Carrie nodded, aware that in her own misery, she had forgotten the sole purpose of Mrs. LaMarque’s trip was this visit to the Lower Falls of the Yellowstone. She glanced at her companion’s self-possessed, calm face, knowing she should model herself after such courage and serenity. Sometimes all a woman could do was forge ahead, never forgetting, but at least not remembering relentlessly, when there was no other alternative.
The enormity of the task ahead of her made Carrie quail inside. Love could be a dreadful burden. Maybe that was the summer lesson. As they came closer and closer to the Grand Canyon of the Yellowstone, her heart ached for the man on horseback, heading toward court martial, the stockade, and humiliation he did not deserve, simply because he had disobeyed an order that made no sense. Unlike everyone in the Department of the Interior, he had made a personal study of wolves, perhaps even a scientific study, and arrived at different conclusions.
She knew she couldn’t think of the years ahead because that was too hard. Better to take the rest of the summer day by day, minute by minute if she had to. After a while, the false front of serenity might beco
me easier to wear. She glanced at Mrs. LaMarque, who had covered up her love for Thomas Moran until it turned her hard. I don’t want that, Carrie thought suddenly.

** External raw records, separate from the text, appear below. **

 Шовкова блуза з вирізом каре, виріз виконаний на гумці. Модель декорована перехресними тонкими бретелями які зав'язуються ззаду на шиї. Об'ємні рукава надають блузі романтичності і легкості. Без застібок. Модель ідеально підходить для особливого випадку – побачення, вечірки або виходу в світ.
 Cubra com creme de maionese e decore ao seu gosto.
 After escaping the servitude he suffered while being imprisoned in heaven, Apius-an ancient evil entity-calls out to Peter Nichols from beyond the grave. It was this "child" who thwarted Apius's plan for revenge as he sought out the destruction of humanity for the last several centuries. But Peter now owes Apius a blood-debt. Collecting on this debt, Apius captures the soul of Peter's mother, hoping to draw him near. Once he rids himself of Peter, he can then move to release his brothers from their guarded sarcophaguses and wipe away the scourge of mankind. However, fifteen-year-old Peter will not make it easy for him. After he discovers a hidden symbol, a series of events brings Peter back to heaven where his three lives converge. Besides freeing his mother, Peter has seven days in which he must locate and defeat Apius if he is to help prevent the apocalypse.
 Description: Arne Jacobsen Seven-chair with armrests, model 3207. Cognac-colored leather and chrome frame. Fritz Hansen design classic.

Although I greatly admire her now, I dare not become hard and brittle.
Carrie looked up, startled to see they had stopped. She was alone in the carriage and Ramsay Stiles was holding out his hand for her to step down from the carriage.

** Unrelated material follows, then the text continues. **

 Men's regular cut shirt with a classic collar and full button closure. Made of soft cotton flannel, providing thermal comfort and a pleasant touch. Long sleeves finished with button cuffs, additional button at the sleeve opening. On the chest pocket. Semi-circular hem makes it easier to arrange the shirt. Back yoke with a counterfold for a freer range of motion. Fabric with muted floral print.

“We’re here?” she asked, feeling like an idiot.
“We have been for several minutes,” he said, so serious. “Mrs. LaMarque told me to leave you alone until you … you felt like getting out. Do you?”

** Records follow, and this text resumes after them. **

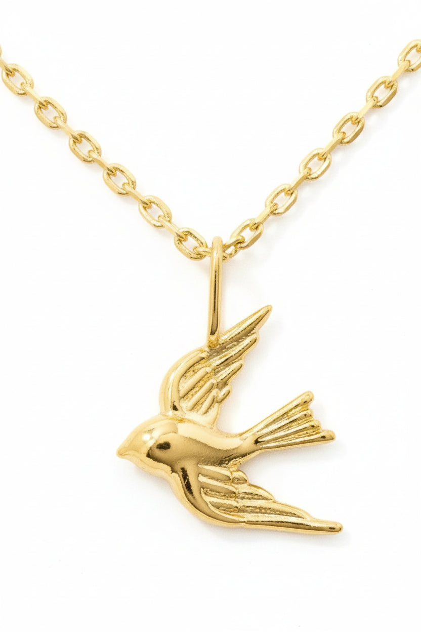 Gold Dipped Flying Bird Pendant Necklace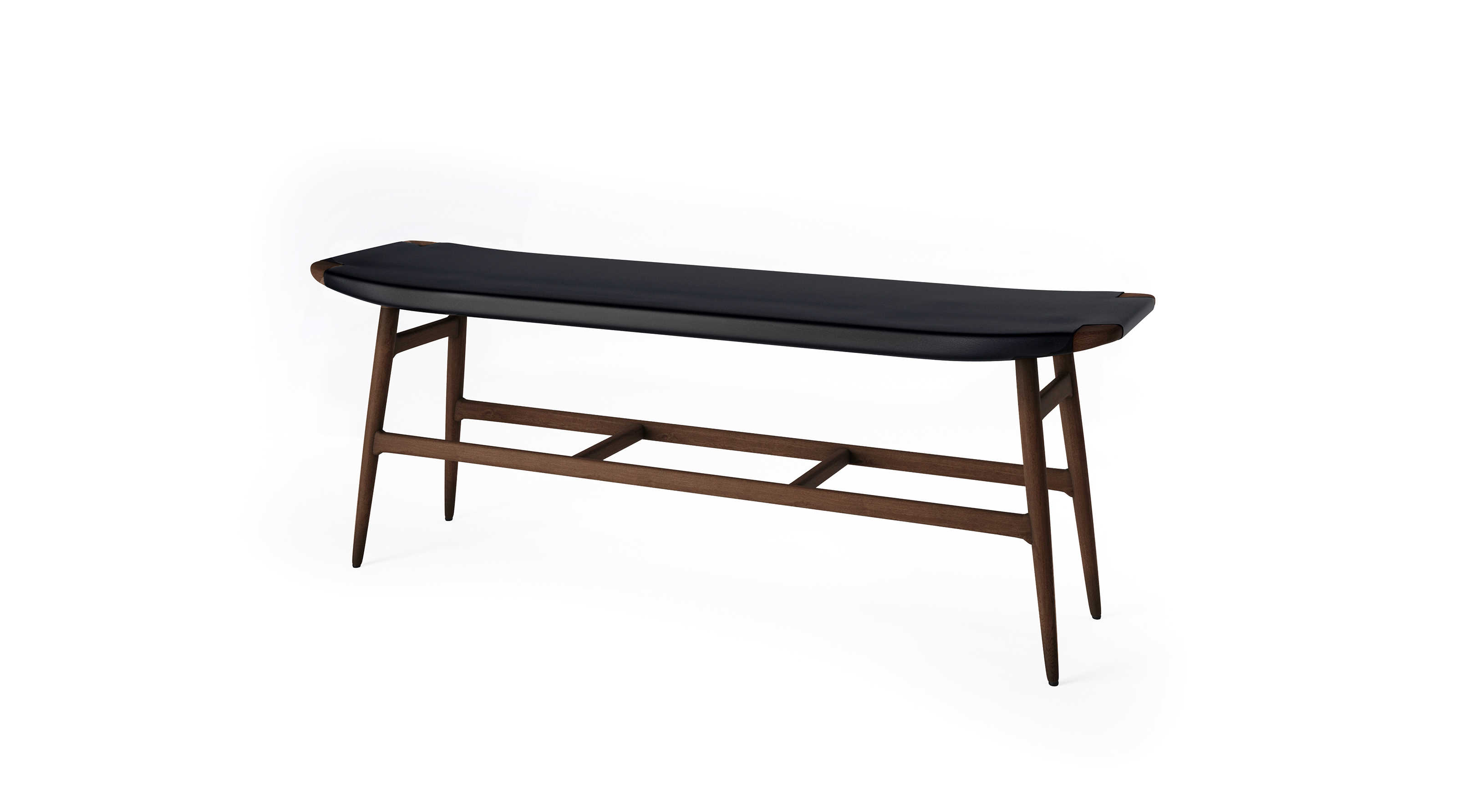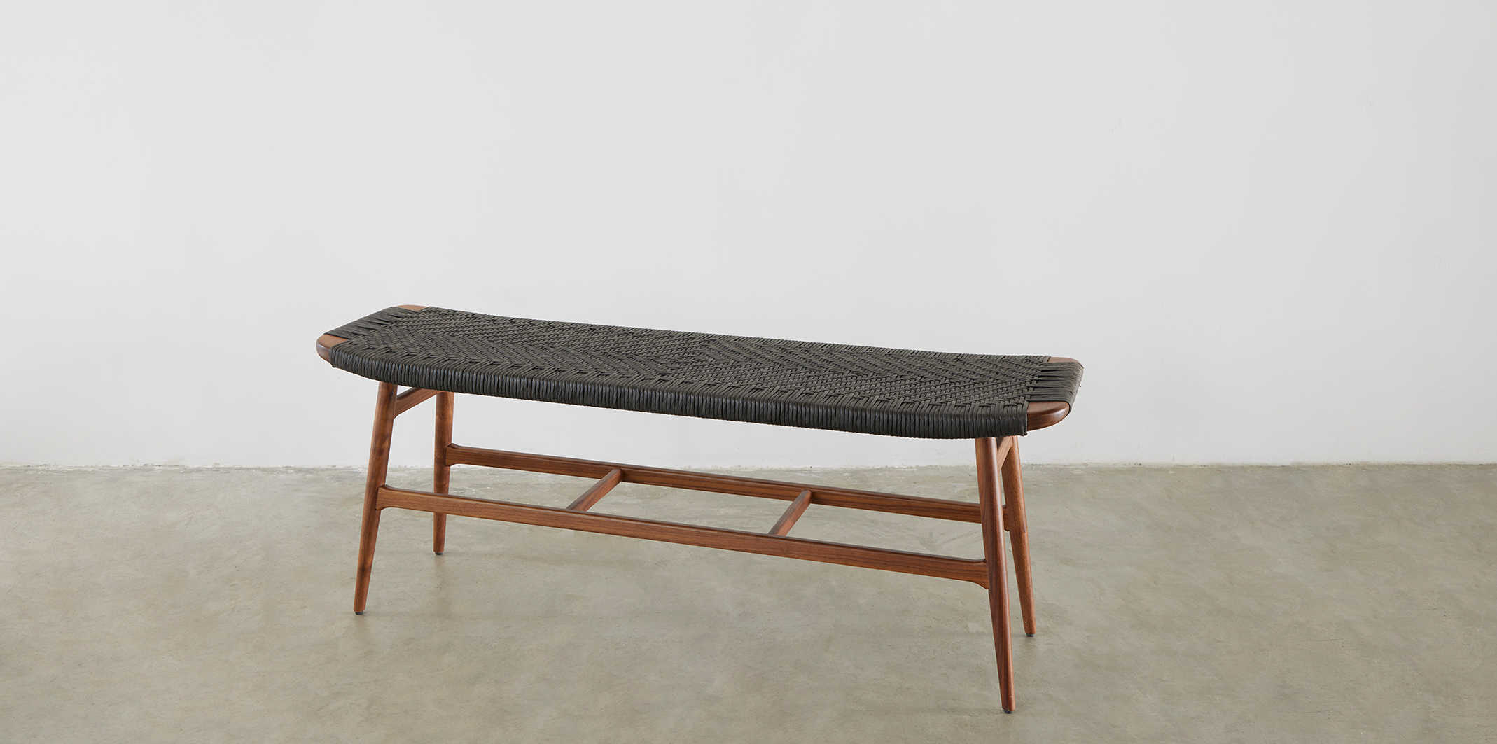 Freja is a collection of stools and bench that comes out of a wish to create sculptural furniture with the soothing visual appeal of Scandinavian furniture making traditions and a Japanese mode of expression. The archetypal furniture making principles of static and ornament converge to give Freja its elegant, yet simple character. Seen from different angles legs and aprons optically interweave to form a trellis, the seat floating lightly with either woven paper cord or leather as only decorative feature.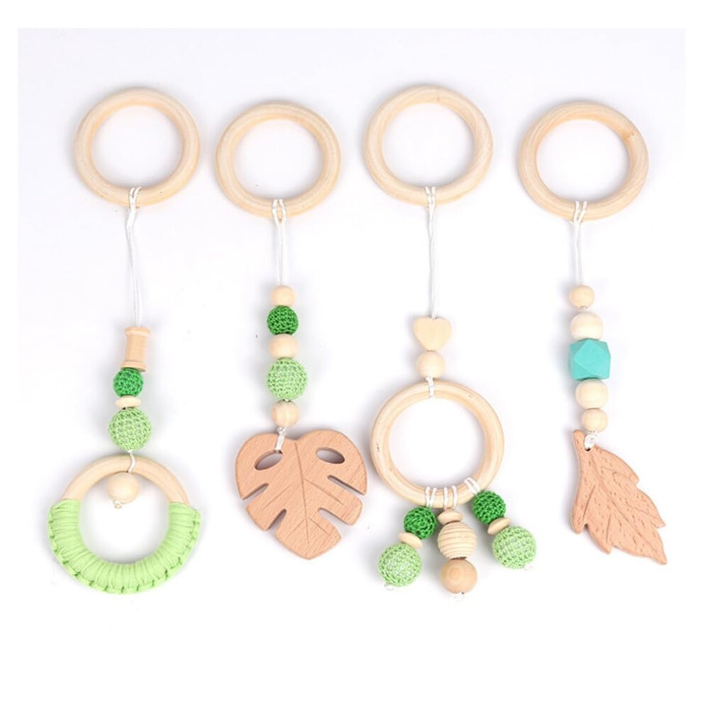 Set of 4 Baby Toy Wooden Teething Ring Pendant Set Handmade Baby Gymnastics Active Game Pram Toys Wooden for Pram and Baby Seat Green

“Oh, yes,” she said. “Goodness, this was the whole purpose of this trip, wasn’t it?”
“I’m not sure anymore,” he said, and helped her down.
What could she say to that? Standing next to the one man in the world who could make her completely happy, she knew she could hide behind that façade she needed to build, similar to Mrs. LaMarque’s façade, or be honest. She chose honesty.
“I’m not sure either, Ram,” she said, raising her voice to be heard above the sound of millions of gallons of water pouring over a ledge. “I wish I could carry some of your burden. Since I can’t, or you won’t let me, just know I’ll be writing you in Texas.”
Not for me the midnight letters I never send, she thought. I can’t do that.
“Not the wisest use of your time, Caroline,” he said as they walked toward Mrs. LaMarque, who waited with less than stellar patience at the top of the gently sloping trail.
“It’s my choice,” she said simply. “Whether you read them or not is your business. She doesn’t look very patient. Let’s move it.”
He smiled at that, as she hoped he would. She told him to hurry ahead and take Mrs. LaMarque’s arm to steady her on the path, and Carrie took her time. Above and beyond her own misery, she knew this was a moment to relish and remember from the summer when she fell in love and learned that life, while not fair or easy, was worth the trouble of living right.